Statistical Analysis

Descriptive analysis was performed using frequencies for categorical variables. Genomic characteristics were compared between the two databases using a chi-squared test, and values of P<.05 were considered statistically significant. The R program version 3.5.1 was used for data preprocessing and statistical analysis. A mutation waterfall plot was created using “GenVisR,” an R package available via Bioconductor [35], which also provided the proportions of genes, variant types, and specific variants using the R Shiny tool developed in this study.

Ethics Statement

This study was approved by the institutional review board at Ajou University Hospital of Korea (IRB approval number: AJIRB-MED-MDB-18-390). Data visualization tool for clinical sequencing data holders who converted their genomic data into genomic CDM. Users can (a) connect their genomic CDM database; (b) get analysis plots such as an overall profile, (c) mutation type, and (d) pathogeny of variants; and (e) search the proportion of patients with gene name and variant information. CDM: common data model.

Results

Data Comparison for Model Validation

To confirm the differences between the AUSOM and TCGA databases, the summary results of the sequencing data such as the gene, variant type, and disease subtypes were gathered and compared. We characterized the biological background of total variants in both databases for variant types, with DNA-level structural variants classified as “sequence alteration” and protein functional types classified as “variant feature.” Among the SNPs, insertions, and deletions, the most frequent structural variant type was SNPs, accounting for >80% of total variants in both databases (Multimedia Appendix 7). However, the functional types of the variants, including missense, nonsense, frameshift, inframe, and splice variants, showed different frequencies between the databases (all P<.001), with intron and synonymous variants being most frequent in the AUSOM database (combined frequency of 83%) and missense variants being the most frequent in the TCGA database (73%; Multimedia Appendix 7). A waterfall plot was created in both the AUSOM and TCGA databases, which focused only on protein-altering variants such as missense, nonsense, frameshift, inframe, and splicing variants to obtain a variant profile (Figure 3; Multimedia Appendix 8). The 15 genes as a union of the top 10 genes in each database were selected as targets for overall profiling. In the AUSOM database, the top 10 genes had a variant frequency > 75% among patients with lung cancer, whereas only one gene, TP53, had a variant frequency > 25% in the TCGA database. In particular, EGFR variants showed very different frequencies in the AUSOM and TCGA databases (89.5% and 11.5%, respectively). All 15 genes had different proportions of variants in the two databases (all P<.001). Although the ranking of genes with high frequencies of variants differed between databases; the most frequent variant type was a missense variant in both databases (Figure 3).

Figure 3

Waterfall plot describing the variant profile of the top 10 genes in (a) Ajou University School of Medicine and (b) The Cancer Genome Atlas databases. Each row represents gene symbols ordered by their frequency of variants with different colors indicating different variant types. Columns represent each patient with only one sample per patient. The bar graph on the left corresponds to the frequency of variants in each gene. Clinical groups such as age, sex, and condition are shown in the bottom box. LUAD: lung adenocarcinoma; LUSC: lung squamous cell carcinoma.
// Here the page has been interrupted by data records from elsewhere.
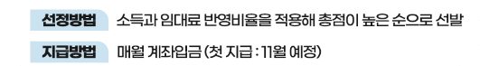 ㅁ선정방법 : 소득과 임대료 반영비율을 적용해 총점이 높은 순으로 선발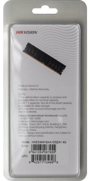 Оперативная память Hikvision HKED4041BAA1D0ZA1/4G DDR4 - 1x 4ГБ 2666МГц, DIMM, Ret
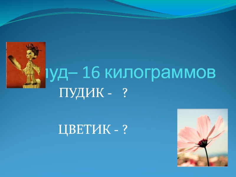 пуд– 16 килограммов   ПУДИК -  ?ЦВЕТИК - ?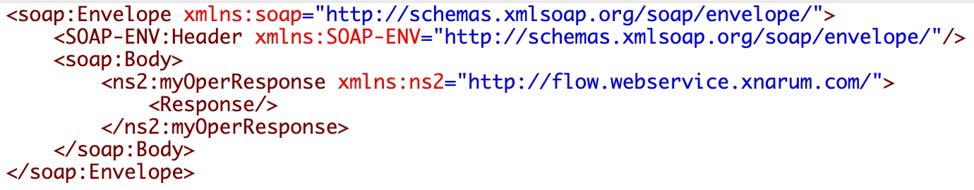 Target namespace of the generated web service is http://flow.webservice.xnarum.com by default. This name comes from the default package name of the generated java classes and is in the exactly reversed order of the package.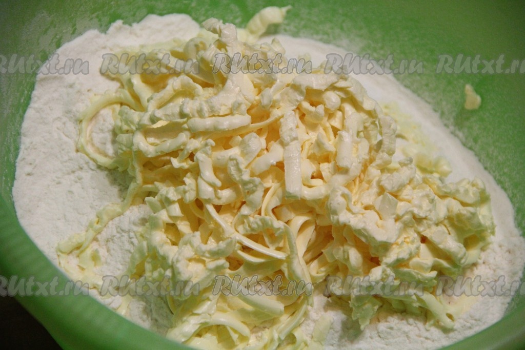 Муку просеять в глубокую миску, добавить разрыхлитель. Масло порубить на мелкие кусочки или натереть на крупной тёрке, добавить в муку и растереть в крошку. Это можно сделать руками или с помощью вилки.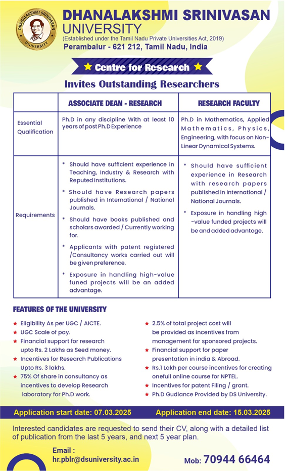 Dhanalakshmi Srinivasan University, Perambalur Wanted Outstanding Researchers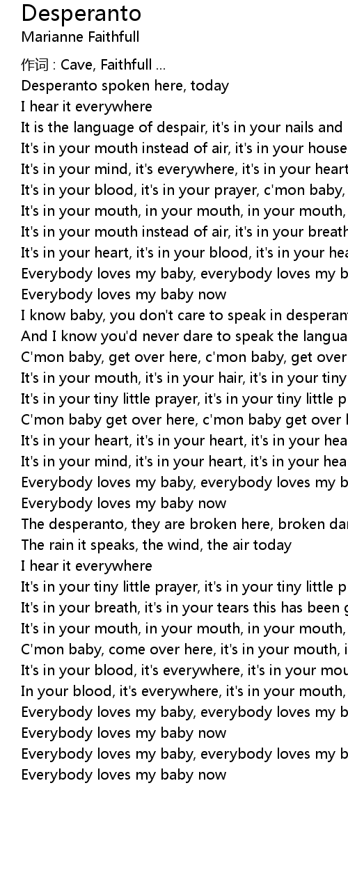 | The desperanto, they are broken here, broken darlin' by despair | |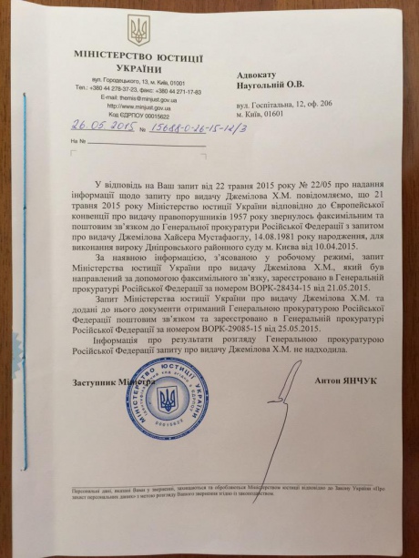 Міністерство юстиції України направило до Генеральної прокуратури Росії запит про видачу сина уповноваженого президента у справах кримськотатарського народу депутата ВР Мустафи Джемілєва Хайсера.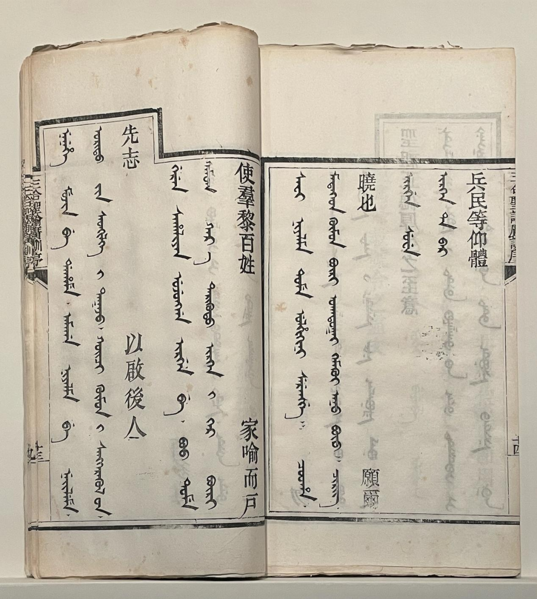 清初,世祖福临(1638 年—1661 年)以“六谕”安民心、训天下,所谓“六谕”也就是明太祖朱元璋提倡的儒家思想“孝顺父母,尊敬长上,和睦乡里,教训子孙,各安生理和毋作非为”六个方面。圣祖玄烨(1654 年—1722 年)增为《圣谕十六条》,世宗胤禛(1678 年—1735 年)加以解读而成《圣谕广训》,所以称为《三合圣谕》。清朝士子凡欲取科甲功名者,均需熟读、默写。清人重视满、蒙、汉和谐相处,雕版也使用满、蒙、汉三种文字合璧刊行。

In contrast, comparison of the waterfall plot of all 49 genes targeted in the cancer panel of the AUSOM database to that of the same gene set of the TCGA database showed a higher frequency of frameshift and nonsense type variants than splice type variants in the TCGA data, although the ranking of genes with more variants still differed between the two databases (Multimedia Appendix 8). Exploration of the CNVs in AUSOM showed that RET was the gene with the most frequent CNVs, specifically due to amplification (Multimedia Appendix 8). Waterfall plot describing the variant profile of the top 10 genes in (a) Ajou University School of Medicine and (b) The Cancer Genome Atlas databases. Each row represents gene symbols ordered by their frequency of variants with different colors indicating different variant types. Columns represent each patient with only one sample per patient. The bar graph on the left corresponds to the frequency of variants in each gene. Clinical groups such as age, sex, and condition are shown in the bottom box. LUAD: lung adenocarcinoma; LUSC: lung squamous cell carcinoma.
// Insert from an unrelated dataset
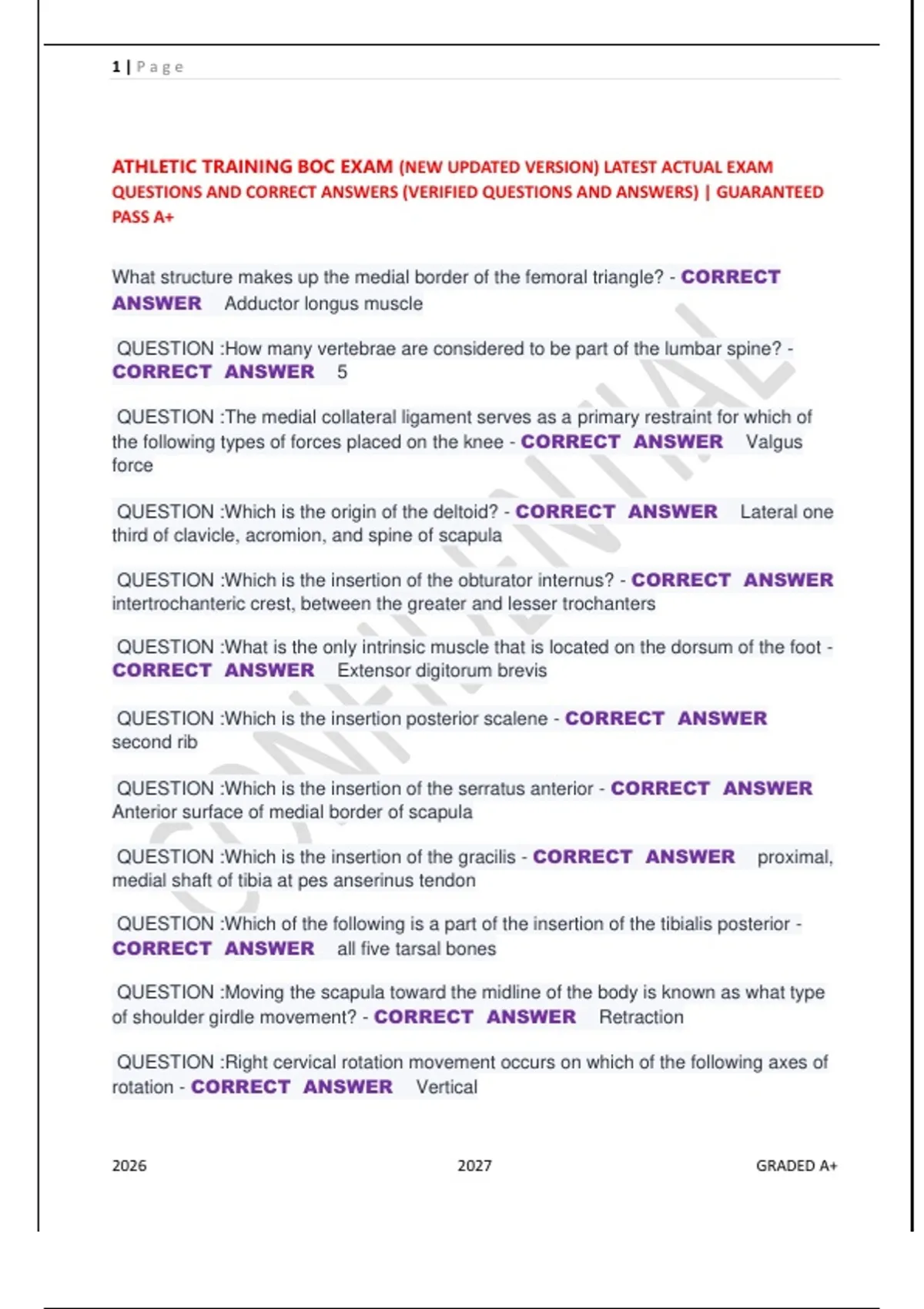 This Athletic Training BOC Exam Study Guide is updated for 2026–2027 and aligned with the latest BOC content areas. It includes comprehensive review notes, high-yield practice questions, and clear answer rationales to support effective exam preparation. Ideal for athletic training students and ATC candidates preparing for first-time or repeat testing.

Comparison of Actionable Mutations for Model Validation

An actionable mutation is a specific genomic event that potentially affects a patient’s response to a targeted therapy [36]. Of the five representative actionable mutations for NSCLC examined (EGFR, KRAS, PIK3CA, BRAF, and NRAS), EGFR showed the greatest frequency of variants in the AUSOM database (21.9%), while KRAS showed the greatest frequency of variants in the TCGA database (20.2%; Figure 4a). In particular, the point mutation p.Leu858Arg in EGFR was found in 17.5% of the patients, followed by p.Thr790Met (1.8%) in the AUSOM database (Figure 4b). Point mutations in the KRAS gene, such as p.Gly12Xaa and p.Gly13Xaa, were more frequent in the TCGA database (20.2%) than in the AUSOM database (9.7%; Figure 4a,c). In addition, patients with lung adenocarcinoma (Figure 4e-h) tended to have more actionable mutations than those with lung squamous cell carcinoma (Figure 4i-l).

Figure 4

Frequencies of actionable mutations detected in the sequencing process between the AUSOM and TCGA databases. Frequency is shown according to the (a, e, i) level of five selected genes and (b, f, j) actionable mutations in EGFR, (c, g, k) KRAS, and (d, h, l) others such as PIK3CA, BRAF, and NRAS. Frequency is also shown according to patient groups: (a-d) total, (e-h) lung adenocarcinoma, and (k-l) lung squamous cell carcinoma. AUSOM: Ajou University School of Medicine; TCGA: The Cancer Genome Atlas; LUAD: lung adenocarcinoma; LUSC: lung squamous cell carcinoma.

Discussion

Overview

We developed a new data model for clinical sequencing data, which was applied using sequencing data of patients with lung cancer from two different databases, AUSOM and TCGA, which were transformed into an identical format for the G-CDM. To evaluate the feasibility of the G-CDM, the composition of the datasets was compared with regard to the frequency of a gene name and variant types in which a sequence alteration occurred and to the prevalence of actionable mutations. Moreover, we developed novel user-friendly software—GeneProfiler—for visualization of clinical sequencing data.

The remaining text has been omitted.